-- Exercise objective --
Please repeat the data below exactly, with the pictures removed.

-- Records supplied --
__________________________________________________

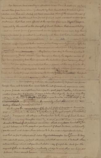Keywords: US Declaration of Independence draft 2.jpg US Declaration of Independence draft 2 jpg en Realizing the importance of the writing of the Declaration of Independence for the American Revolution and posterity Thomas Jefferson prepared his Notes of Proceedings in Congress June 7 “August 1 1776 He included a copy of the Declaration as it was presented to Congress on June 28 and amended by them in the days leading up to its final approval by Congress on July 4 1776 In 1781 James Madison asked Jefferson for his account of those tumultuous and pivotal days and Jefferson sent him these notes id Menyadari pentingnya penulisan Deklarasi Kemerdekaan untuk Revolusi Amerika dan generasi mendatang Thomas Jefferson mempersiapkan catatannya di Kongres 7 Juni sampai 1 Agustus 1776 Disertakan juga salinan dari Deklarasi Kemerdekaan yang dipersembahkan kepada Kongres pada 28 Juni dan diamandemen oleh mereka pada hari-hari menjelang persetujuan akhir dengan Kongres pada tanggal 4 Juli 1776 Pada 1781 James Madison meminta catatan milik Jefferson mengenai hari-hari penuh gejolak dan sangat penting dan Jefferson mengirimnya catatan ini http //myloc gov/Exhibitions/creatingtheus/DeclarationofIndependence/BattleJoined/ExhibitObjects/declarationroughdraft aspx U S Library of Congress Thomas Jefferson 1776 <gallery> File US Declaration of Independence draft 1 jpg Page 1 of the draft File US Declaration of Independence draft 3 jpg Page 3 of the draft File US Declaration of Independence draft 4 jpg Page 4 of the draft </gallery> PD-old-100 Draft of the United States Declaration of Independence |
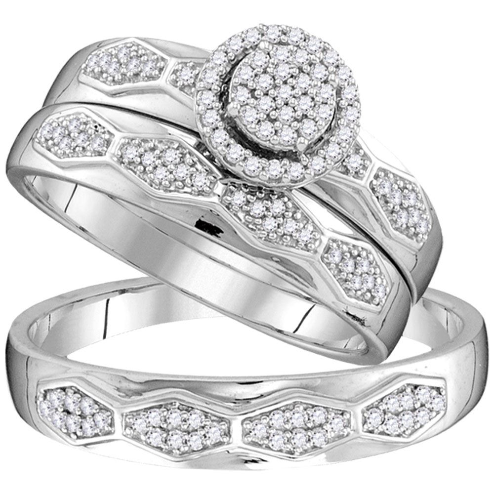 10kt White Gold His Hers Round Diamond Cluster Matching Wedding Set 1/3 CttwItem Number: GND-108201Gemstone Details<span
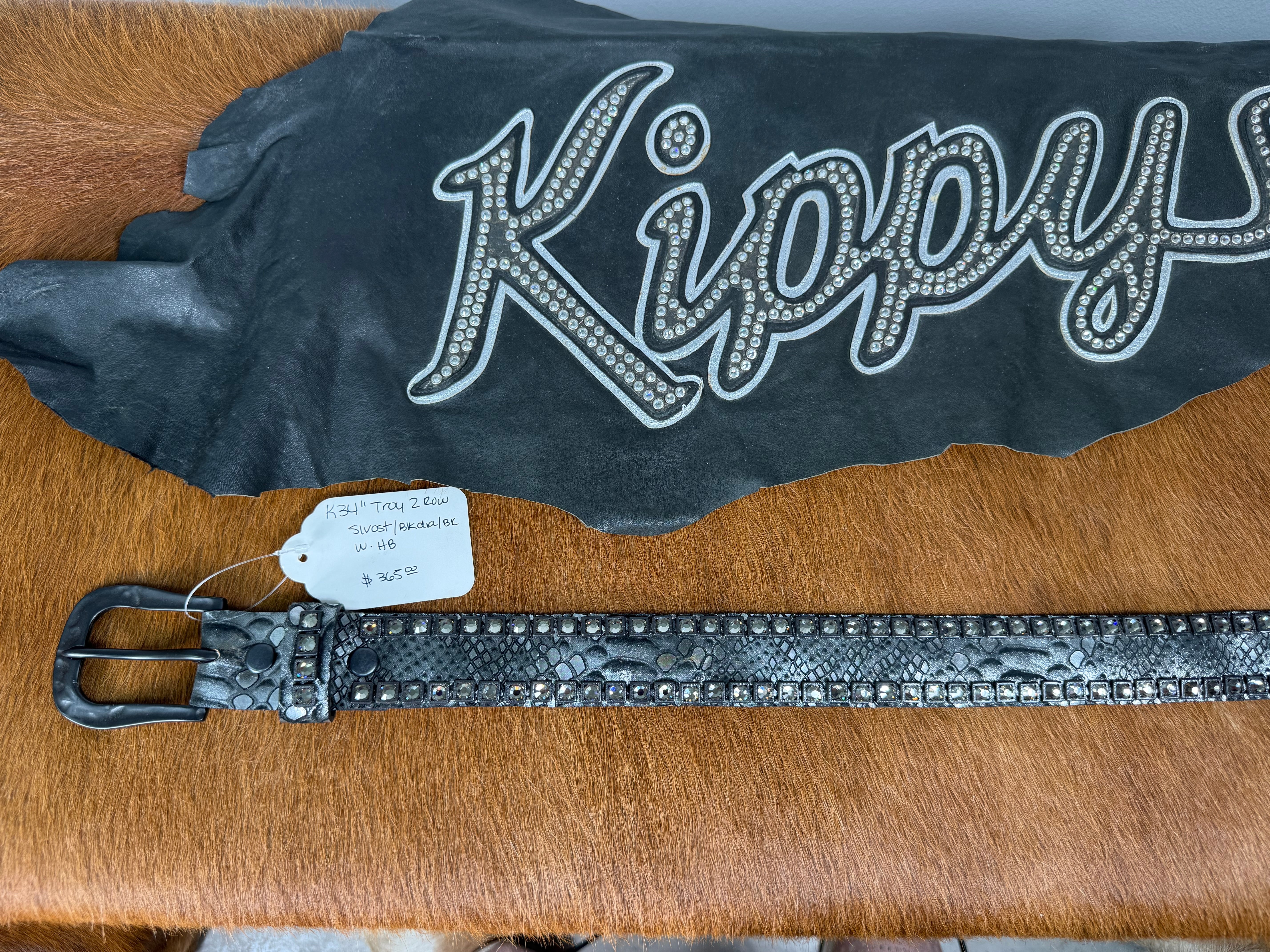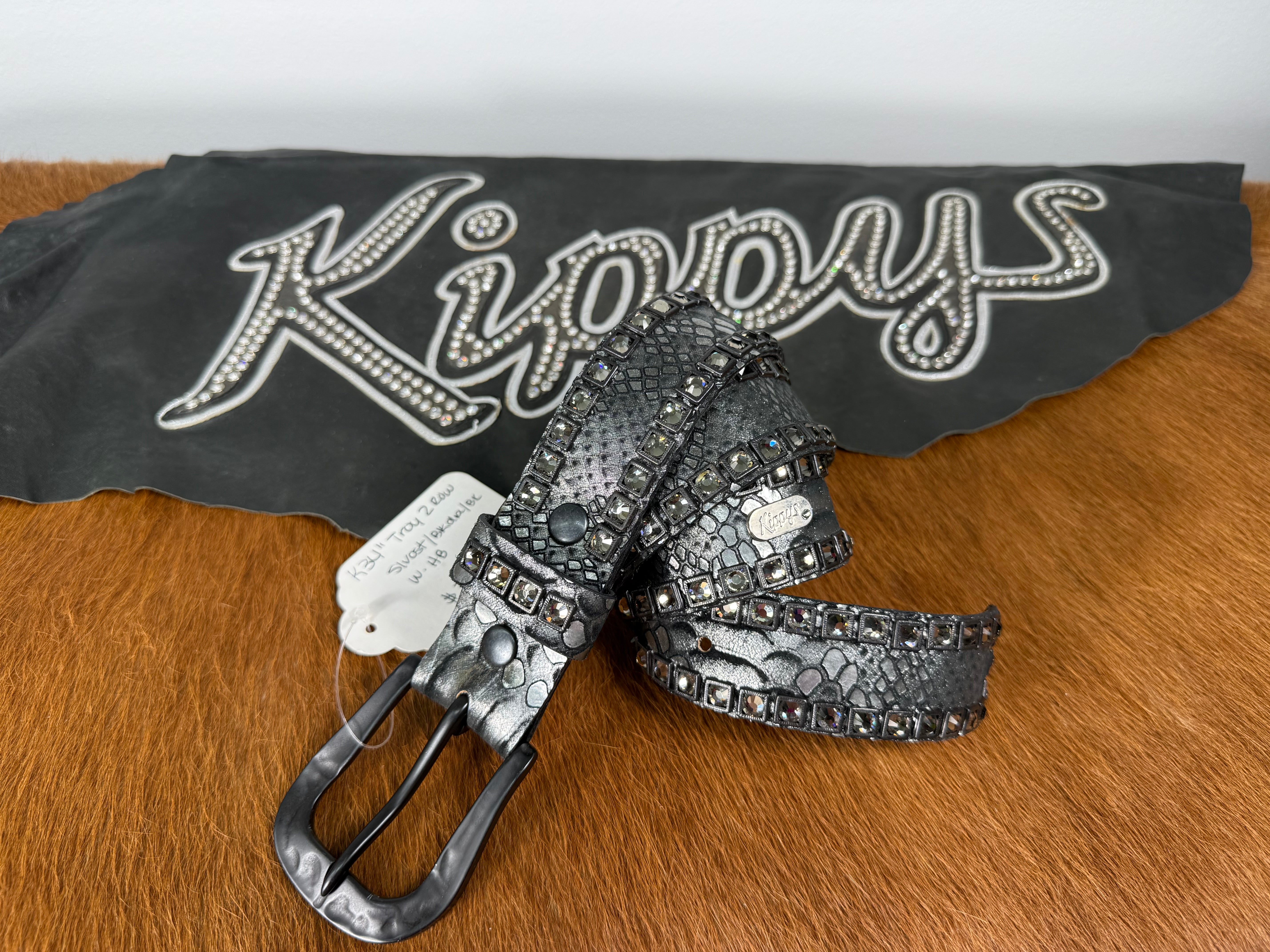 Kippy Belt - Troy Design:silver ost leather/blkdia/gmg 34 K
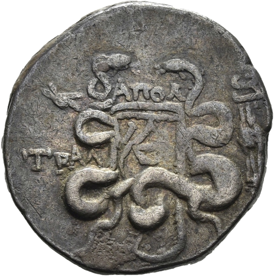 Gorytos (bow case) decorated with an aplustre and containing a bow between two intertwined snakes; to side poppy-head and corn-ear -[en]
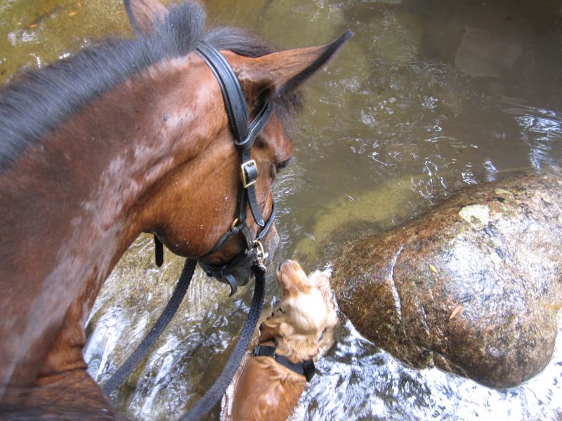 | Dire merci | J'ai un cocker anglais, il y est toujours de la partie en balade avec les chevaux plus jeune il le fesait en partie en selle mais maintenant il ne veut plus et prefere rester au sol il n'y a qu'au galop ou il est un peu largué mais il nous ratrappe des que l'on repasse a une allure inferieur la derniere sortie a dure la journée complete... le soir il reclamait encore a jouer a la balle ![]() [videos]2186[/videos] |
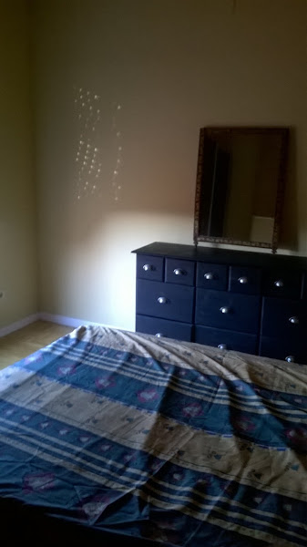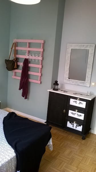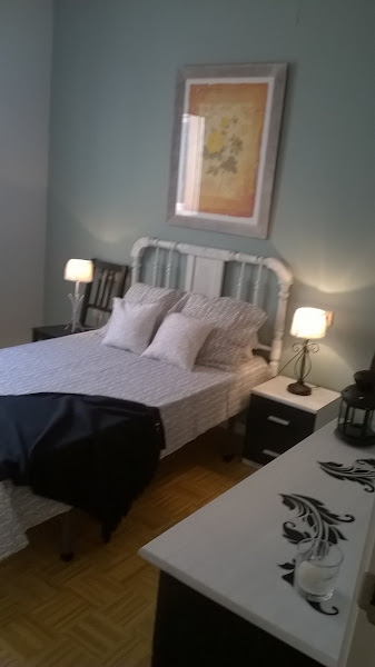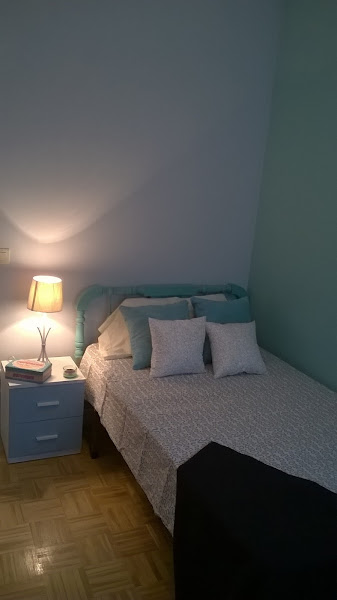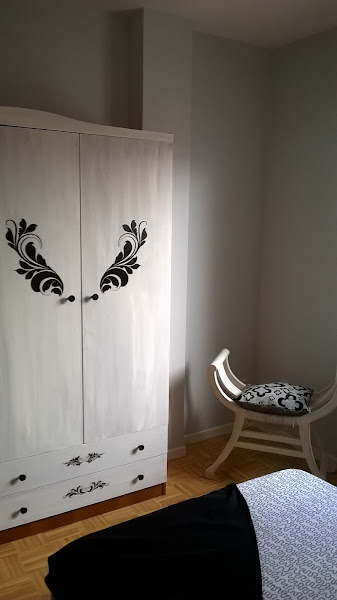 Aquí, a parte de pintar paredes como en el resto, hemos dado una nueva vida al armario, cabecero y mesilla. Los detalles del perchero-palet y la silla turquesa ponen la guinda.
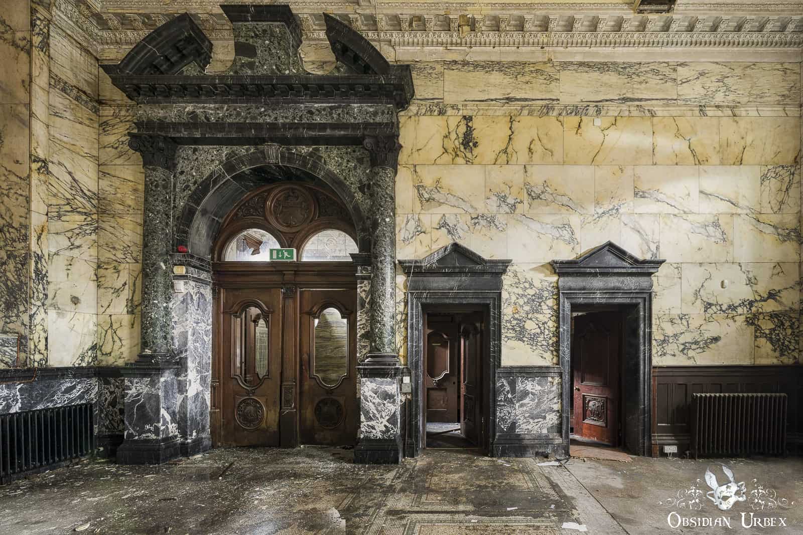 Stepping into the huge banking hall, the scale of this space is impressive. The ceiling is very high, decorated with ornate plasterwork. The walls are a black and lighter off-white marble, the now dirty floor is mosaiced. Once there was a 15m long mahogany counter, as well as various desks and kiosks. Sadly, these have all been removed which leaves the banking hall a rather empty void. Looking back towards the entrance vestibule, there is a wonderful decorative portico. The tall black columns flanking the double doors are Composite order (Corinthian columns, with Ionic volutes at the top of the capital). Above the columns rests a pediment, broken at the apex (a popular Baroque style). To the right of the entrance vestibule portico, there are two smaller/simpler porticos framing doors leading to two small offices.
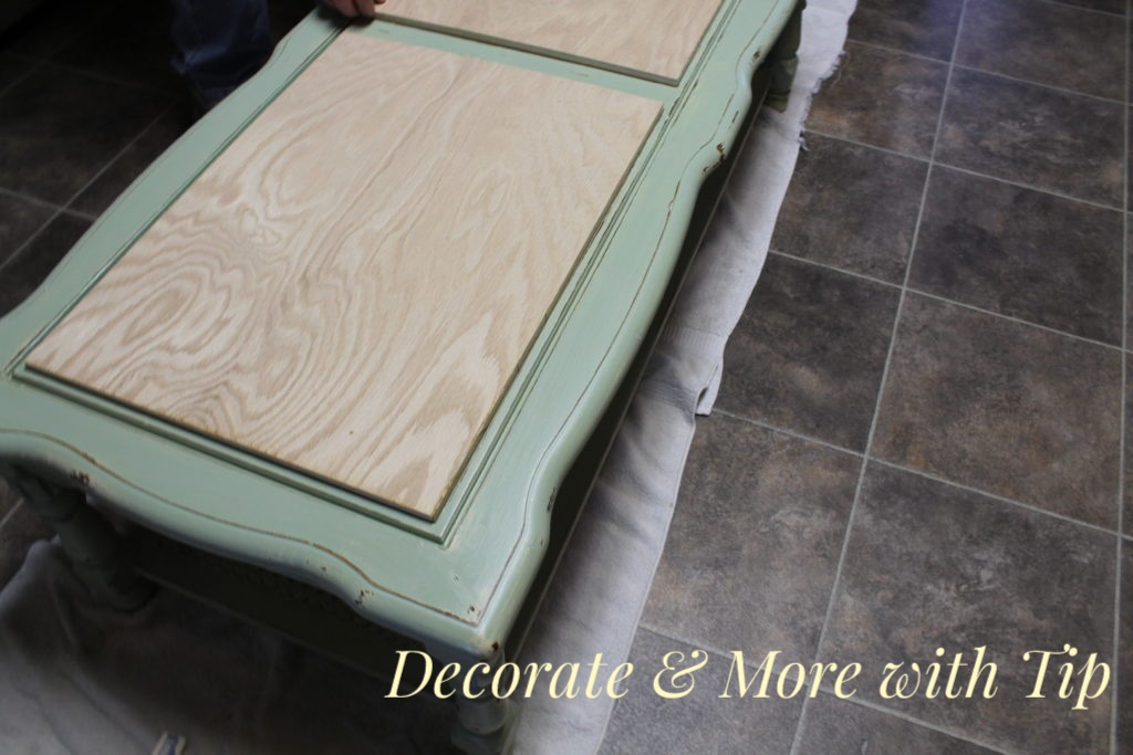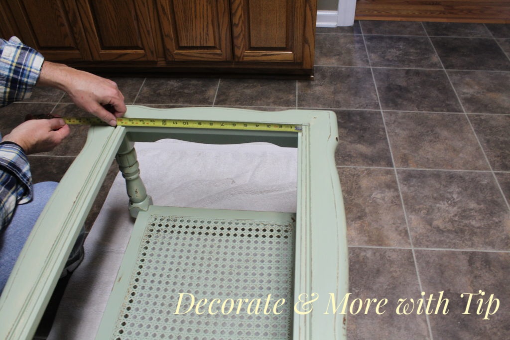 Now it is time to work on the places where the glass inserts were missing. I wanted to put a cushion insert there. My husband measured and cut the boards for me.
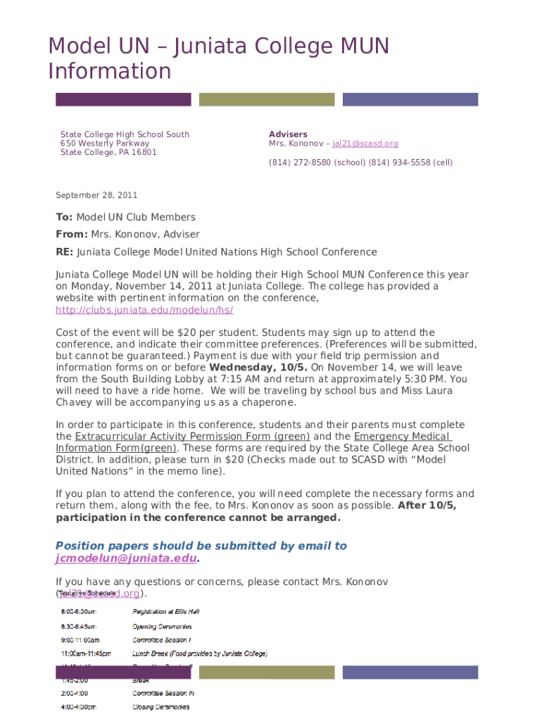 The JUNIATA MUN CONFERENCE Please ... is a Word document required to be submitted to the specific address in order to provide some information. It needs to be filled-out and signed, which can be done manually in hard copy, or using a certain software e. g. PDFfiller. It lets you fill out any PDF or Word document right in the web, customize it according to your requirements and put a legally-binding electronic signature. Once after completion, the user can easily send the JUNIATA MUN CONFERENCE Please ... to the relevant person, or multiple ones via email or fax. The template is printable too thanks to PDFfiller feature and options proposed for printing out adjustment. In both electronic and physical appearance, your form will have a neat and professional outlook. It's also possible to save it as the template to use it later, without creating a new document from the beginning. You need just to edit the ready document.

__________________________________________________

-- Exercise response --
Keywords: US Declaration of Independence draft 2.jpg US Declaration of Independence draft 2 jpg en Realizing the importance of the writing of the Declaration of Independence for the American Revolution and posterity Thomas Jefferson prepared his Notes of Proceedings in Congress June 7 “August 1 1776 He included a copy of the Declaration as it was presented to Congress on June 28 and amended by them in the days leading up to its final approval by Congress on July 4 1776 In 1781 James Madison asked Jefferson for his account of those tumultuous and pivotal days and Jefferson sent him these notes id Menyadari pentingnya penulisan Deklarasi Kemerdekaan untuk Revolusi Amerika dan generasi mendatang Thomas Jefferson mempersiapkan catatannya di Kongres 7 Juni sampai 1 Agustus 1776 Disertakan juga salinan dari Deklarasi Kemerdekaan yang dipersembahkan kepada Kongres pada 28 Juni dan diamandemen oleh mereka pada hari-hari menjelang persetujuan akhir dengan Kongres pada tanggal 4 Juli 1776 Pada 1781 James Madison meminta catatan milik Jefferson mengenai hari-hari penuh gejolak dan sangat penting dan Jefferson mengirimnya catatan ini http //myloc gov/Exhibitions/creatingtheus/DeclarationofIndependence/BattleJoined/ExhibitObjects/declarationroughdraft aspx U S Library of Congress Thomas Jefferson 1776 <gallery> File US Declaration of Independence draft 1 jpg Page 1 of the draft File US Declaration of Independence draft 3 jpg Page 3 of the draft File US Declaration of Independence draft 4 jpg Page 4 of the draft </gallery> PD-old-100 Draft of the United States Declaration of Independence |
 10kt White Gold His Hers Round Diamond Cluster Matching Wedding Set 1/3 CttwItem Number: GND-108201Gemstone Details<span
 Kippy Belt - Troy Design:silver ost leather/blkdia/gmg 34 K
 Gorytos (bow case) decorated with an aplustre and containing a bow between two intertwined snakes; to side poppy-head and corn-ear -[en]
 | Dire merci | J'ai un cocker anglais, il y est toujours de la partie en balade avec les chevaux plus jeune il le fesait en partie en selle mais maintenant il ne veut plus et prefere rester au sol il n'y a qu'au galop ou il est un peu largué mais il nous ratrappe des que l'on repasse a une allure inferieur la derniere sortie a dure la journée complete... le soir il reclamait encore a jouer a la balle ![]() [videos]2186[/videos] |
 Aquí, a parte de pintar paredes como en el resto, hemos dado una nueva vida al armario, cabecero y mesilla. Los detalles del perchero-palet y la silla turquesa ponen la guinda.
 Stepping into the huge banking hall, the scale of this space is impressive. The ceiling is very high, decorated with ornate plasterwork. The walls are a black and lighter off-white marble, the now dirty floor is mosaiced. Once there was a 15m long mahogany counter, as well as various desks and kiosks. Sadly, these have all been removed which leaves the banking hall a rather empty void. Looking back towards the entrance vestibule, there is a wonderful decorative portico. The tall black columns flanking the double doors are Composite order (Corinthian columns, with Ionic volutes at the top of the capital). Above the columns rests a pediment, broken at the apex (a popular Baroque style). To the right of the entrance vestibule portico, there are two smaller/simpler porticos framing doors leading to two small offices.
 Now it is time to work on the places where the glass inserts were missing. I wanted to put a cushion insert there. My husband measured and cut the boards for me.
 The JUNIATA MUN CONFERENCE Please ... is a Word document required to be submitted to the specific address in order to provide some information. It needs to be filled-out and signed, which can be done manually in hard copy, or using a certain software e. g. PDFfiller. It lets you fill out any PDF or Word document right in the web, customize it according to your requirements and put a legally-binding electronic signature. Once after completion, the user can easily send the JUNIATA MUN CONFERENCE Please ... to the relevant person, or multiple ones via email or fax. The template is printable too thanks to PDFfiller feature and options proposed for printing out adjustment. In both electronic and physical appearance, your form will have a neat and professional outlook. It's also possible to save it as the template to use it later, without creating a new document from the beginning. You need just to edit the ready document.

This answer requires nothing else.